Dez anos se passaram e uma pesquisa da Folha de S. Paulo mostrou que, para 86% dos entrevistados, as escolas se tornam melhores com a educação inclusiva.

O que mudou?

A convivência é a chave da inclusão.

Hoje mais de 90% de estudantes com deficiência frequentam escolas comuns.

Quanto mais vemos pessoas de grupos sub-representados na escola, no trabalho, nas ruas, no dia a dia, na mídia, mais achamos “normal” que ocupem esses espaços, o que diminui o preconceito.

Ok, entendi o que é capacitismo. Me reconheço como capacitista.

Mas como faço para ser anticapacitista?

Diferentemente de outros grupos excluídos, a inclusão da pessoa com deficiência não acontece apenas com nossa mudança de olhar. Ela requer um recurso extra: acessibilidade. Fazer valer as leis; promover e cobrar acessibilidade em todos os espaços devem ser nossa primeira bandeira.

A organização britânica Scope perguntou às pessoas com deficiência o que uma pessoa sem deficiência poderia fazer para ser uma boa aliada anticapacitista.

Veja e coloque em prática essas 10 dicas e colabore para promover a inclusão!

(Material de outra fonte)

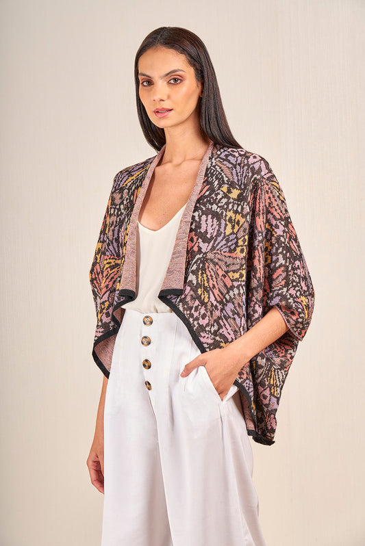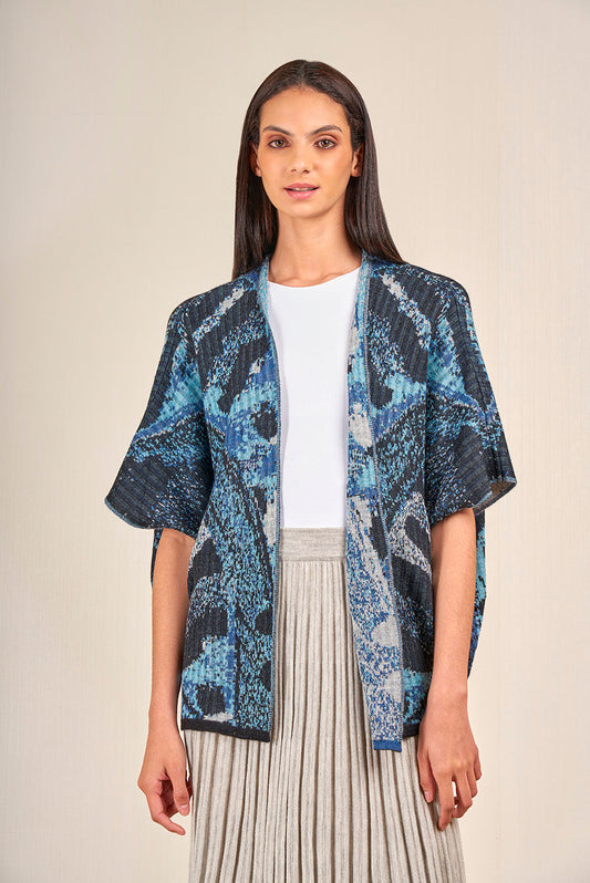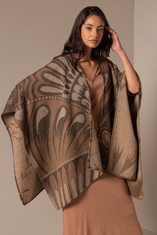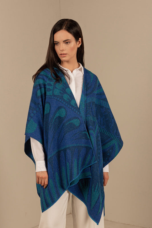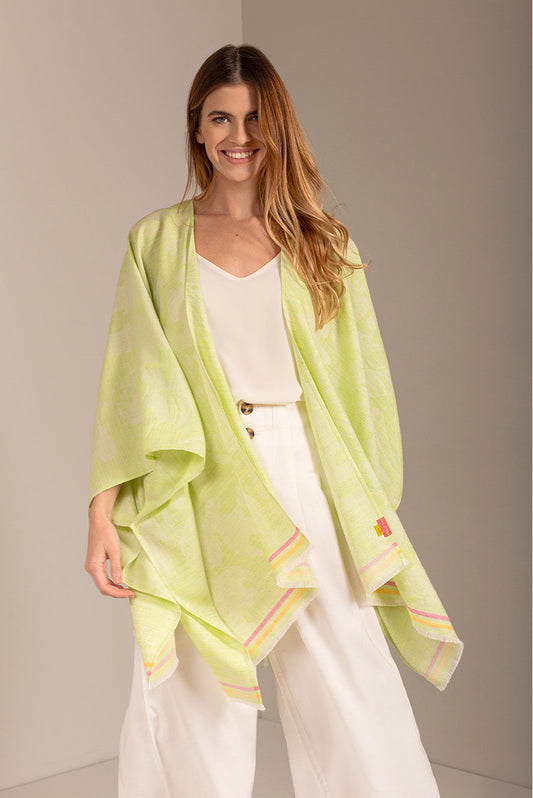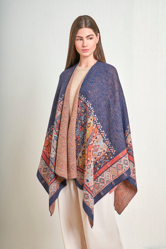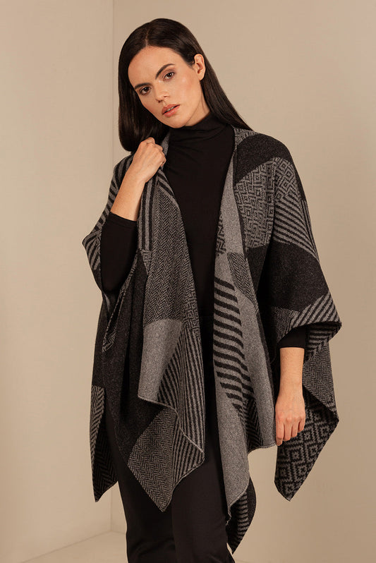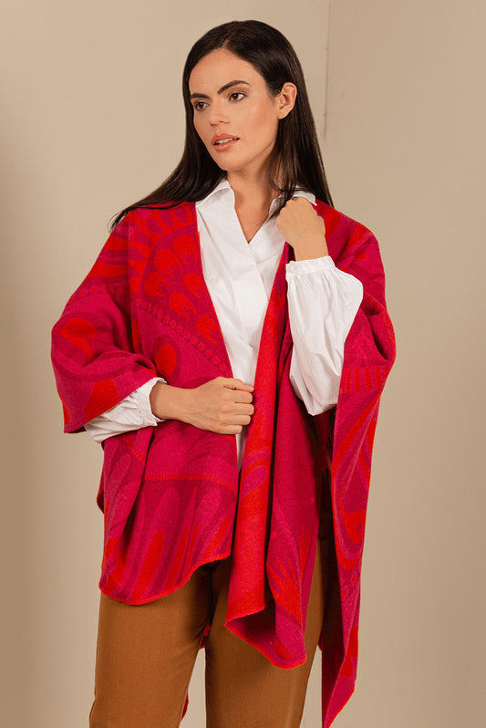 Un atractivo y colorido Jacquard tejido, esta capa es la prenda que reinventa todos tus...

  1. Ouça as pessoas com deficiência. Se você não tem certeza, pergunte! Não faça suposições nem complete as frases das pessoas!
  2. Nem todas as deficiências e condições são visíveis. E algumas mudam. Você pode não ser capaz de vê-las, mas elas ainda estão lá.
  3. Pense nas suas palavras. Não use palavras ligadas à deficiência como xingamento e chame atenção quando alguém usar um termo ofensivo.
  4. Defenda e promova acessibilidade e inclusão – especialmente na escola e no trabalho. Pergunte quais são as necessidades de acesso das pessoas; por exemplo, necessidade de receber apresentações antes de uma aula ou reunião.
  5. Eduque-se.
    Leia e conheça as vantagens e os benefícios que você tem como pessoa sem deficiência e aprenda a defender os direitos das pessoas com deficiência.
  6. Se você vê ou ouve bullying ou discriminação, fale ou denuncie.
  7. Não pressione. Se alguém diz que não pode fazer algo ou não está se sentindo bem, mesmo que pareça bem, não pressione.  
  8. Nunca assuma que alguém está exagerando ou “fingindo”. Só porque você não pode ver a condição de alguém, não significa que ela não existe.
  9. Não tem problema fazer perguntas. Mas se lembre de só perguntar coisas que você gostaria de responder sobre você mesmo! Nada de perguntas invasivas!
  10. Todos são diferentes. Nem toda pessoa com deficiência terá as mesmas dicas. E tudo bem.